Requirement: Print the line that contains "Digital drawing of", then every line after it until the entries end, exactly as they read; do not include pictures.

Stored dataset items:
--------------------------------------------------

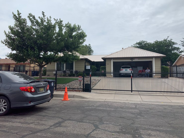 *Albuqerque : la maison de Walter dans Breaking Bad (seule maison clĂŽturĂ©e sur la rue et c’est bien indiquĂ© de prendre nos photos de l’autre cĂŽtĂ©… nous aurons eu droit Ă un beau sourire du proprio)
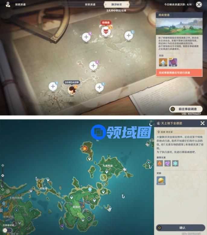 全部点亮后漂浮灵出现,全部击败即可完成该天调查(记得回去把S级委托派遣了,昨晚我就差点忘记了,还好睡前检查了一遍)。
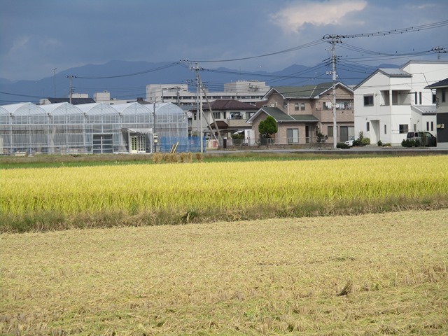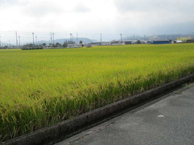黄金色した稲の穂が垂れさがり、今にも刈れそうです、
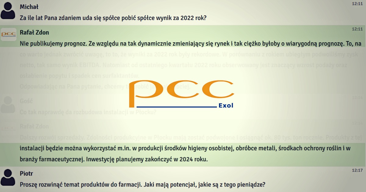 We wtorek 4 kwietnia 2023 r. odbył się czat inwestorski z wiceprezesem zarządu PCC Exol, Rafałem Zdonem. Podczas spotkania rozmawialiśmy o wynikach finansowych spółki za 2022 rok. Inwestorzy zadawali również pytania o politykę dywidendową oraz sytuację na rynku surowców.
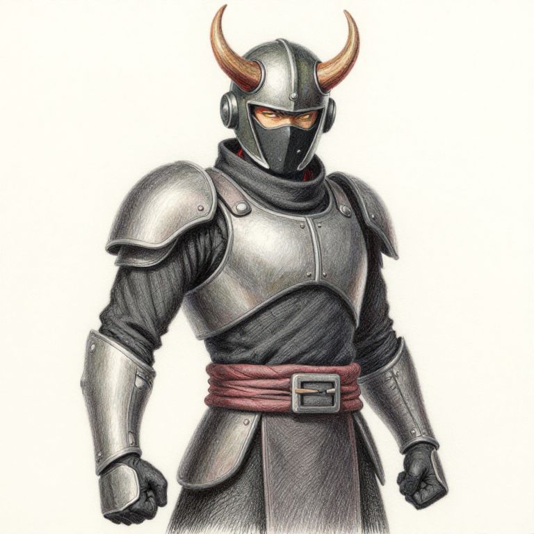 Digital drawing of a knight in silver armor with orange eyes, black mask, and red sash, featuring prominent horns.
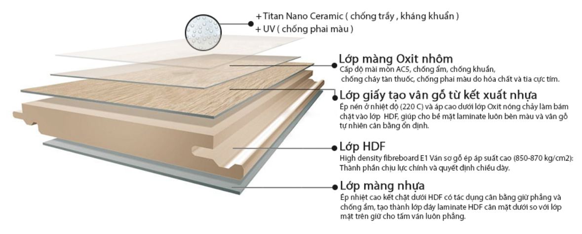 | ✔ Mặt sần bóng mờ độ mài mòn từ AC4 đến AC5 | ✔ Sàn gỗ công nghiệp sản xuất 100% tại đức (C.O &C.Q) |
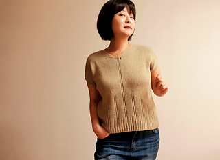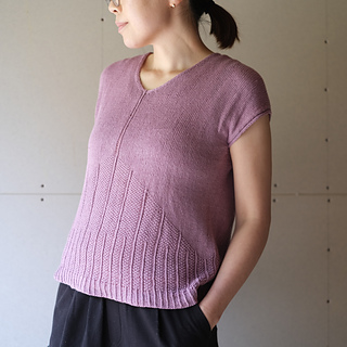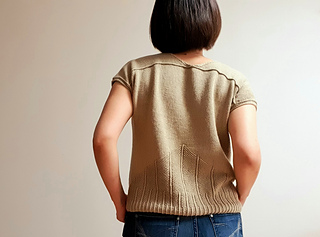 後ろ身頃上部のI-Cordから編み始め, トップダウンで編むプルオーバー . Vネックの襟ぐり, 肩, 後ろ身頃を形作るため, I-Cordの両サイドでGerman Short Rowを行う. 身頃と袖の目を分けたあと, 脇下からは前後身頃を輪で編む. ねじり目リブとかのこ編みの模様編み部分はチャートを参照して編 む. 袖ぐりはマジックループか4本棒針を使用しI-Cord Bind-Offを行う.
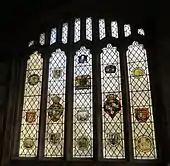 The church had much stained glass in 1622 that disappeared during the Reformation. The current eleven coloured glass windows on the north, west and south sides of the church were erected in 1879 by Lavers, Barraud and Westlake, each being named for its donor; the scenes depicted tell the Life of Christ from the Annunciation to the Last Supper.[6][21] The stained glass in the chancel and the Hasting Chapel was erected in 1924, and most was once in the castle;[22] the earliest glass is a German, Swiss and Flemish work possibly originally from Farleigh Hungerford.[18] The chancel's east window contains arms of Richard I and Edward I and the south window includes "The Magi bearing gifts" and the arms of Catherine Parr. The Hastings Chapel south window has several panels from the 15th and 16th centuries, and one which could possibly be as old as the 13th century. The chapel's east window also has some high quality work, including "The Last Supper". The large west window in the tower is plain glass, as is the clerestory.[22]

--------------------------------------------------

Written response:
 Digital drawing of a knight in silver armor with orange eyes, black mask, and red sash, featuring prominent horns.
 | ✔ Mặt sần bóng mờ độ mài mòn từ AC4 đến AC5 | ✔ Sàn gỗ công nghiệp sản xuất 100% tại đức (C.O &C.Q) |
 後ろ身頃上部のI-Cordから編み始め, トップダウンで編むプルオーバー . Vネックの襟ぐり, 肩, 後ろ身頃を形作るため, I-Cordの両サイドでGerman Short Rowを行う. 身頃と袖の目を分けたあと, 脇下からは前後身頃を輪で編む. ねじり目リブとかのこ編みの模様編み部分はチャートを参照して編 む. 袖ぐりはマジックループか4本棒針を使用しI-Cord Bind-Offを行う.
 The church had much stained glass in 1622 that disappeared during the Reformation. The current eleven coloured glass windows on the north, west and south sides of the church were erected in 1879 by Lavers, Barraud and Westlake, each being named for its donor; the scenes depicted tell the Life of Christ from the Annunciation to the Last Supper.[6][21] The stained glass in the chancel and the Hasting Chapel was erected in 1924, and most was once in the castle;[22] the earliest glass is a German, Swiss and Flemish work possibly originally from Farleigh Hungerford.[18] The chancel's east window contains arms of Richard I and Edward I and the south window includes "The Magi bearing gifts" and the arms of Catherine Parr. The Hastings Chapel south window has several panels from the 15th and 16th centuries, and one which could possibly be as old as the 13th century. The chapel's east window also has some high quality work, including "The Last Supper". The large west window in the tower is plain glass, as is the clerestory.[22]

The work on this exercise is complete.